PROBLEM STATEMENT:
Below is a block of records; return all of them exactly, but without the images.
---+---
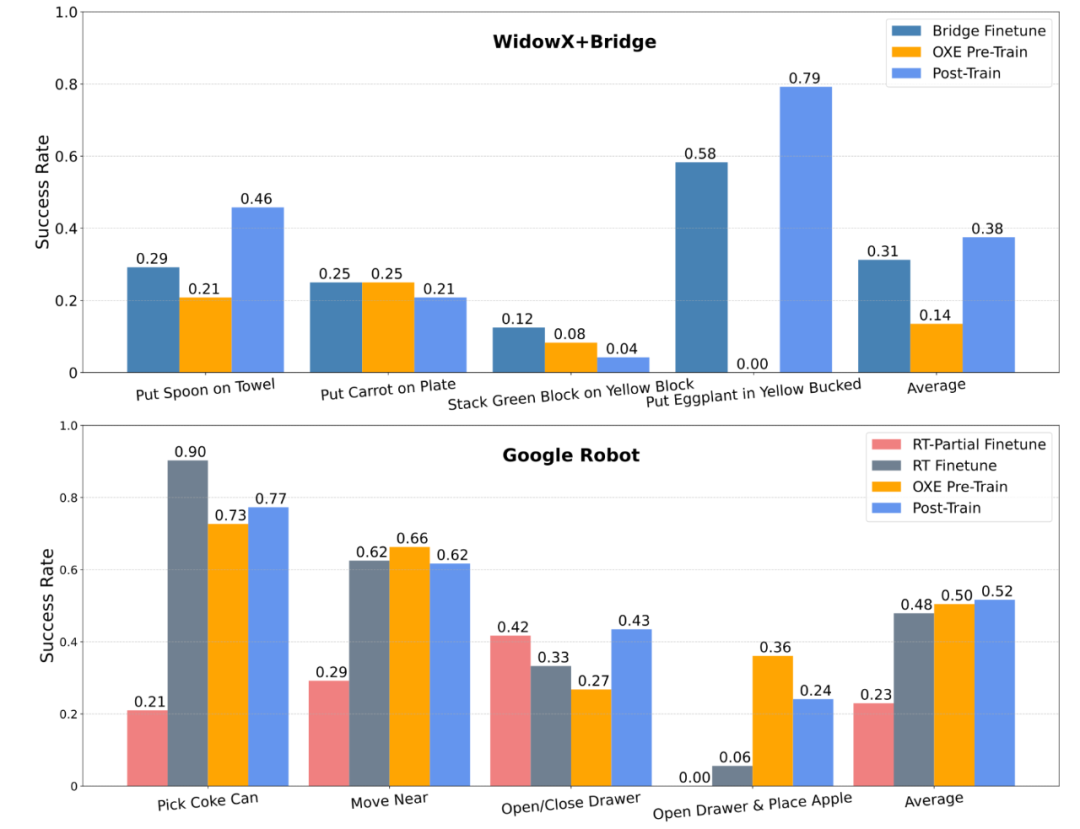 具体实验中,我们在 WidowX+Bridge 和 Google Robot 两大环境下分别进行了不同训练策略的测试:
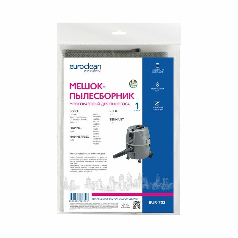 Многоразовый мешок с пластиковым зажимом для пылесоса MKT VC2511, BOSCH GAS 15, арт. EUR-703: сравнение цен, характеристики, фото, актуальное наличие и цены.
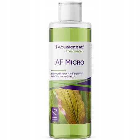 aquaforest af micro Это жидкое удобрение , которое легко растворяется в воде и доступно для всех аквариумных растений. Он содержит полный набор микроэлементов, необходимых для оптимального развития водных растений. Специально разработанная композиция обеспечивает необходимые элементы, такие как: медь, марганца, железо, молибден, цинк, бор. Все в правильно сбалансированных пропорциях. Уникальная формула, содержащаяся в AF Micro, значительно ускоряет рост растений и укрепляет их интенсивные цвета. Микроэлементы участвуют в процессе образования хлорофилла, биосинтеза белка, и во многих биохимических изменениях их недостатки могут привести к многим проблемам. Здесь мы можем различить нарушение процесса фотосинтеза, хлорозы и деформации листьев, кроме того, недостатки могут привести к ингибированию роста и развития. Вот почему так важно регулярно дополнять микроэлементы в воду, особенно в высококлассных заводах.
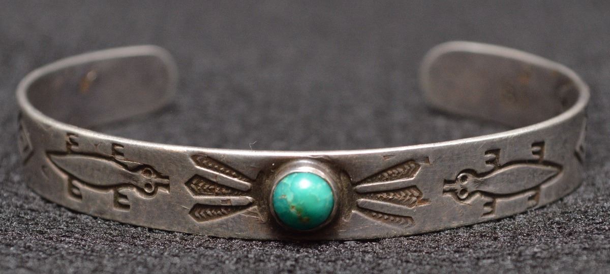 1950's. Ingot sterling silver with Fred Harvey style stamped design and turquoise stone. .25" x 5" x 1.25", .3 oz.
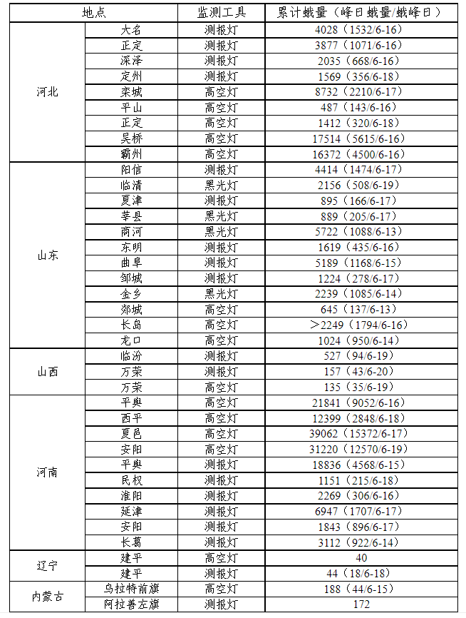 6月份以來,一代棉鈴蟲成蟲進入盛發期,黃淮、華北地區蛾量偏高,局部地區誘蛾量均高于2022、2021年同期累計蛾量,部分站點累計蛾量超過蛾量高發的2020年。河北、山東、河南、山西等地高空測報燈共有10個監測點累計蛾量超過1000頭,其中6個監測點超過10000頭;地面測報燈(黑光燈)共有17個監測點累計蛾量超過1000頭,其中8個監測點超3000頭;誘蛾高峰日集中在6月15—18日,峰日蛾量多在幾百頭至幾千頭,部分站點上萬頭(數據見下表)。此次黃淮華北地區多點同期集中出現蛾峰,且河南地面燈蛾量高而河北山東高空燈蛾量高,據初步軌跡分析,推測為自黃淮南部向華北地區和東北南部北向遷飛為主。當前遼寧西部地區田間已出現零星幼蟲,需警惕集中產卵后幼蟲暴發危害。
---+---
SOLUTION TO THIS PROBLEM:
 具体实验中,我们在 WidowX+Bridge 和 Google Robot 两大环境下分别进行了不同训练策略的测试:
 Многоразовый мешок с пластиковым зажимом для пылесоса MKT VC2511, BOSCH GAS 15, арт. EUR-703: сравнение цен, характеристики, фото, актуальное наличие и цены.
 aquaforest af micro Это жидкое удобрение , которое легко растворяется в воде и доступно для всех аквариумных растений. Он содержит полный набор микроэлементов, необходимых для оптимального развития водных растений. Специально разработанная композиция обеспечивает необходимые элементы, такие как: медь, марганца, железо, молибден, цинк, бор. Все в правильно сбалансированных пропорциях. Уникальная формула, содержащаяся в AF Micro, значительно ускоряет рост растений и укрепляет их интенсивные цвета. Микроэлементы участвуют в процессе образования хлорофилла, биосинтеза белка, и во многих биохимических изменениях их недостатки могут привести к многим проблемам. Здесь мы можем различить нарушение процесса фотосинтеза, хлорозы и деформации листьев, кроме того, недостатки могут привести к ингибированию роста и развития. Вот почему так важно регулярно дополнять микроэлементы в воду, особенно в высококлассных заводах.
 1950's. Ingot sterling silver with Fred Harvey style stamped design and turquoise stone. .25" x 5" x 1.25", .3 oz.
 6月份以來,一代棉鈴蟲成蟲進入盛發期,黃淮、華北地區蛾量偏高,局部地區誘蛾量均高于2022、2021年同期累計蛾量,部分站點累計蛾量超過蛾量高發的2020年。河北、山東、河南、山西等地高空測報燈共有10個監測點累計蛾量超過1000頭,其中6個監測點超過10000頭;地面測報燈(黑光燈)共有17個監測點累計蛾量超過1000頭,其中8個監測點超3000頭;誘蛾高峰日集中在6月15—18日,峰日蛾量多在幾百頭至幾千頭,部分站點上萬頭(數據見下表)。此次黃淮華北地區多點同期集中出現蛾峰,且河南地面燈蛾量高而河北山東高空燈蛾量高,據初步軌跡分析,推測為自黃淮南部向華北地區和東北南部北向遷飛為主。當前遼寧西部地區田間已出現零星幼蟲,需警惕集中產卵后幼蟲暴發危害。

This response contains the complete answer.